I should point out that "loser pays" provisions would also serve to eliminate much of the frivilous business litigation as those awards would be (usually) be fully collectible

Posted by: Paul W Dennis | November 17, 2007 9:33 AM

The filing of a weak or frivolous case is legal malpractice. The land pirate doing so should pay in legal malpractice.

Posted by: Supremacy Claus | November 17, 2007 9:56 PM

Paul: Loser pays is only going to be a deterrent to those with limited financial means. For example, if Microsoft and Google decided to get into a legal pissing match, do you really think loser pays would be much of a deterrent? Compare that with say, Microsoft or Google suing a tiny competitor; the tiny competitor may decide to settle purely out of fear of having to pay the huge legal fees of the other side.

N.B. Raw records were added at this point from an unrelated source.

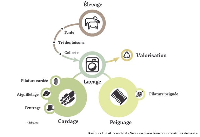 Le projet MOS-Laine s’inscrit dans la continuité du programme européen DEFI-Laine (« Développement d’une filière de valorisation de la laine à l’échelle de la Grande Région »). Ce programme a permis de rassembler les acteurs de la filière lainière pour étudier la faisabilité d’une transformation locale de la laine via l’innovation et le développement de nouveaux produits.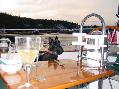 while the lobsters steam below for dinner. Alec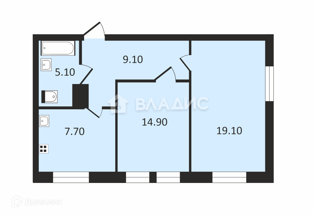 Общая площадь 56.7 м2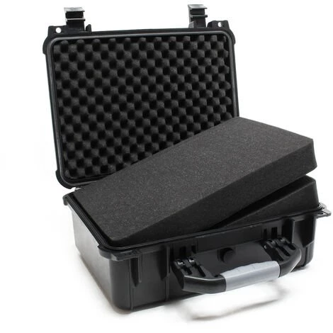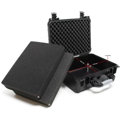 | Application / Information / Caractéristiques | Coque à la fois légère et solide 3 couches de mousse amovibles (mousse à picots dans le couvercle, dés de mousse prédécoupés, mousse de sol fine) Angles arrondis 2 fermetures à ressort Résistant aux chocs, à la pression, à la poussière et à l’humidité Compensation de la pression atmosphérique grâce à la soupape de pressurisation 2 oeillets pour cadenas Ø 10mm |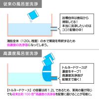3枚目の画像説明文:従来品とはココが違う!配管の奥へ高濃度薬剤を届ける独自設計※自社従来品の風呂釜洗浄剤は追い焚きできる水量が120L〜150L必要である為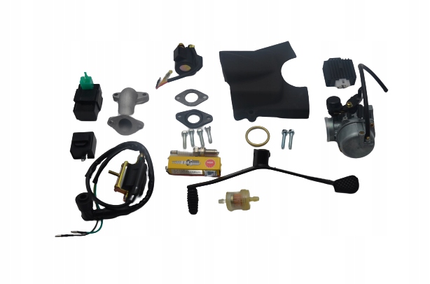 - Опція з карбюратором і модулем запалювання, регулятором напруги, реле стартера, котушкою запалювання, паливним фільтром , повітряний фільтр , додаткова свічка NGK, прокладка глушника + 100 зл.

In order to prevent that, you'd need damage caps on loser pays. And I don't hear too many people advocating for that.

Posted by: Justinian Lane | November 21, 2007 1:52 PM

Microsoft v. Google is a bad example. The English rule, or loser pays levels the playing field for ordinary litigants. The plaintiff typically pays no legal fees in a tort litigation because his lawyer is working on a contingency fee. If the plaintiff loses, it's no big deal for him because he's out of pocket nothing. The defendant, on the other hand, has a hollow victory because he's stuck with the legal defense costs. It's even worse for the winning defendant in a contract case because he's even less likely to have an insurance company picking up the tab for the legal fees than the tort defendant. The best system to avoid frivolous lawsuits of any type is to have the loser pay the winner's costs. It makes people think twice about starting marginal lawsuts.